Born in Berlin, 78-year-old screenwriter and director Wolfgang Kohlhaase strongly influenced filmmaking at the DEFA. He is one of the East German film artists who continued to be successful in the business after the fall of the Wall. For years, Kohlhaase collaborated closely with Gerhard Klein, Konrad Wolf, and Frank Beyer. Later he wrote for directors, such as Bernhard Wicki and Volker Schlöndorff; and most recently, for Andreas Dresen. His first box office hits were with Gerhard Klein and their famous "Berlin films". Works like Berlin – Ecke Schönhauser (Berlin - Schoenhauser Corner, Gerhard Klein, 1956/57) express an enthusiasm for Neorealism and a sense of social reality. They are among the first authentic DEFA films to show everyday life in East Germany and brought a new tone to GDR cinemas. Ever since, life in the divided and later reunited city of Berlin has been a leitmotif of Kohlhaase’s work, pervading also one of his latest works, Sommer vorm Balkon (Summer in Berlin, Andreas Dresen, 2004/05). A second central theme, Kohlhaase’s preoccupation with German fascism and its consequences, led to his teaming up with Konrad Wolf, with whom he made four films. On Wolf’s last film, Solo Sunny (1978 - 80), which won a Silver Bear at the Berlinale in 1980, author Kohlhaase worked as co-director for the first time. Another Kohlhaase film, Der Aufenthalt (The Turning Point, Frank Beyer, 1982/83) was denied the chance to participate in the Berlinale: after objections from the Polish government, the GDR withdrew the film, which tells the story of a German soldier in a Polish prison at the end of the war.

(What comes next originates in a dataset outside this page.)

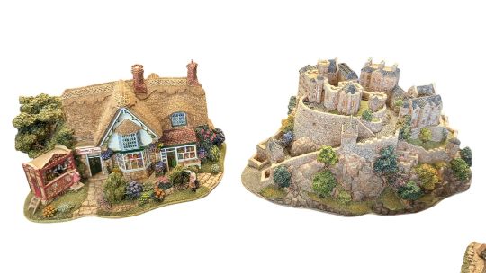 Lilliput Lane - Collection of late 20th / 21st century unboxed resin cottage figures. To include Derwent Le Dale, Edinburgh Castle, Sweets & Treats, Wash Day, Eriskay Croft, Nutkin Cottage, Woodman's Retreat, Puddlebrook, and more. Pieces marked to the base. 17 figures present.

“In Wolfgang Kohlhaase we have the rare case of a writer who is named in the same breath as the director. The sense of authenticity in both his characters and stories, his laconic, very economical language, and his fine irony have been a stroke of luck for German cinema. With Hanna Schygulla we are honouring an actress who, after being featured as anti-star by Fassbinder in his early films, became - with her expressive sensuality and stirring voice - one of Europe’s most exciting actresses,” explains Dr. Rainer Rother, Artistic Director of the Deutsche Kinemathek, which is responsible for the Homage.